◆ **Task input**
****************
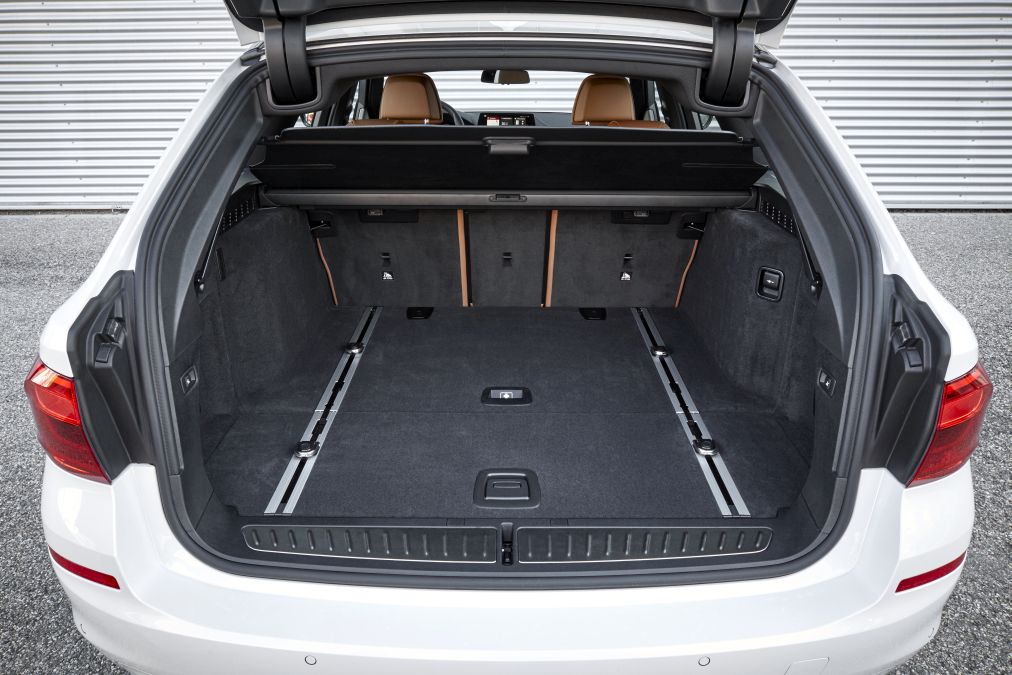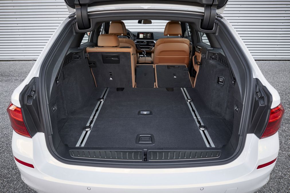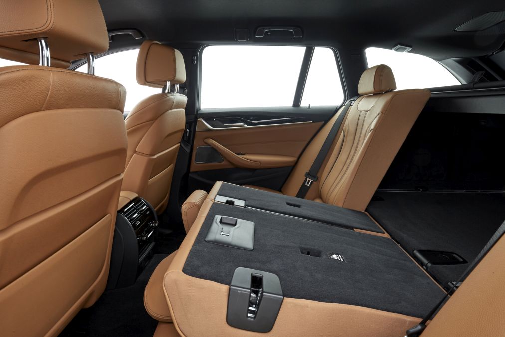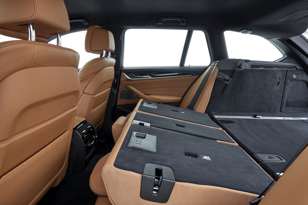BMW 520d Touring 2017La interior, vizați de creșterea dimensiunilor au fost în principal pasagerii de pe banchetă, care au primit 18 mm în plus spațiu la genunchi. În plus, lățimea banchetei este atât de mare, încât aceasta poate adăposti trei scaune pentru copii. Evident, de aceeași atenție s-a bucurat și portbagajul, cel mai vânat element la achiziția unui break.
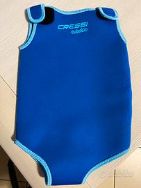 Taglia 12-18 mesi. Colore azzurro. 100% neoprene. Con velcro sulle spalline, sul fianco e sull’inguine, per adagiarvi comodamente il bambino e richiuderlo nel costume.
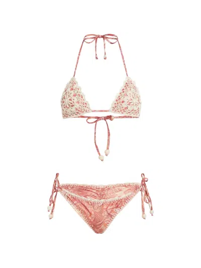 Crochet Appliqued Bikini In Pink
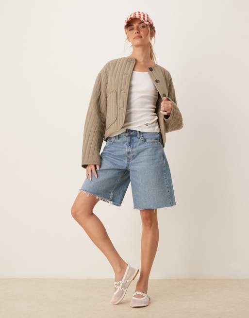 ASOS DESIGN - Veste courte matelassée sans col en lin mélangé - Kaki
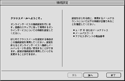 □「接続設定」の「クラリスメールへようこそ」のダイアログが表示されます。![]() 次へ」のボタンをクリックします。 |
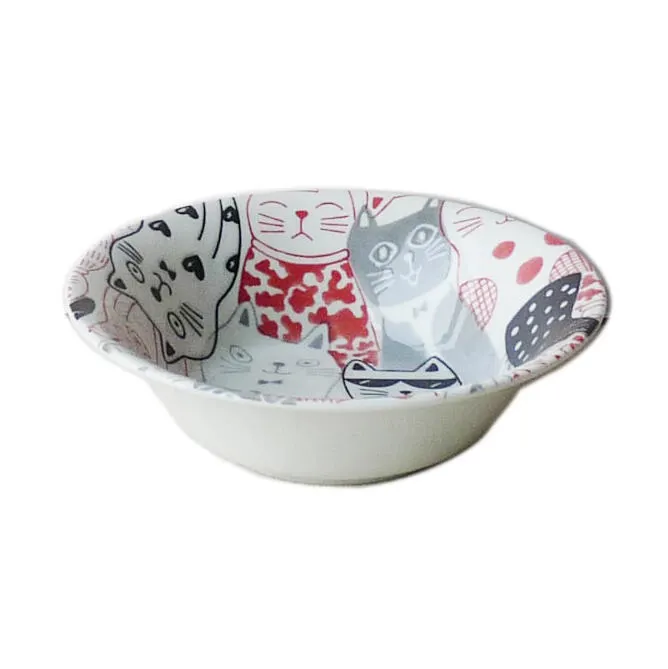 世界中で愛されるねこちゃんがユーモアと個性あふれるスタイルの8匹がぞろりぞろり。 釉薬と撥水の組み合わせで、より可愛らしい雰囲気に仕上がりました。 可愛らしい猫いっぱいの柄が特徴的で食卓が明るく彩ります。
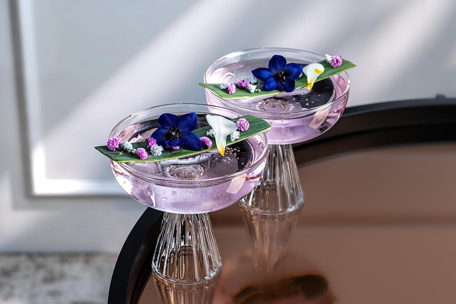 • ТЕЧНА ЕЛЕГАНТНОСТ – на една ръка разстояние. Подобрете коктейлното си изживяване с тези впечатляващи парижки чаши тип купе от модерната колекция стъклени изделия на Glassique Cadeau. Вдъхновени от архитектурните бижута и креативната коктейлна сцена на Града на светлините, тези елегантни чаши от 235 мл са оформени специално за класически и съвременни коктейли, както и за шампанско.
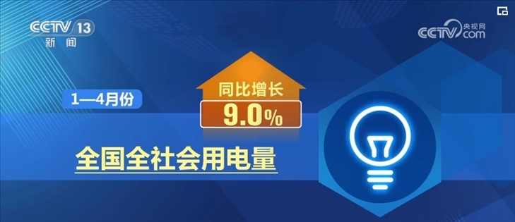 1至4月全社會用電量同比增長9.0%
****************
◆ **Brief**
The required output is every line of the data above, set down exactly and stripped of pictures.

◆ **Exercise response**
BMW 520d Touring 2017La interior, vizați de creșterea dimensiunilor au fost în principal pasagerii de pe banchetă, care au primit 18 mm în plus spațiu la genunchi. În plus, lățimea banchetei este atât de mare, încât aceasta poate adăposti trei scaune pentru copii. Evident, de aceeași atenție s-a bucurat și portbagajul, cel mai vânat element la achiziția unui break.
 Taglia 12-18 mesi. Colore azzurro. 100% neoprene. Con velcro sulle spalline, sul fianco e sull’inguine, per adagiarvi comodamente il bambino e richiuderlo nel costume.
 Crochet Appliqued Bikini In Pink
 ASOS DESIGN - Veste courte matelassée sans col en lin mélangé - Kaki
 □「接続設定」の「クラリスメールへようこそ」のダイアログが表示されます。![]() 次へ」のボタンをクリックします。 |
 世界中で愛されるねこちゃんがユーモアと個性あふれるスタイルの8匹がぞろりぞろり。 釉薬と撥水の組み合わせで、より可愛らしい雰囲気に仕上がりました。 可愛らしい猫いっぱいの柄が特徴的で食卓が明るく彩ります。
 • ТЕЧНА ЕЛЕГАНТНОСТ – на една ръка разстояние. Подобрете коктейлното си изживяване с тези впечатляващи парижки чаши тип купе от модерната колекция стъклени изделия на Glassique Cadeau. Вдъхновени от архитектурните бижута и креативната коктейлна сцена на Града на светлините, тези елегантни чаши от 235 мл са оформени специално за класически и съвременни коктейли, както и за шампанско.
 1至4月全社會用電量同比增長9.0%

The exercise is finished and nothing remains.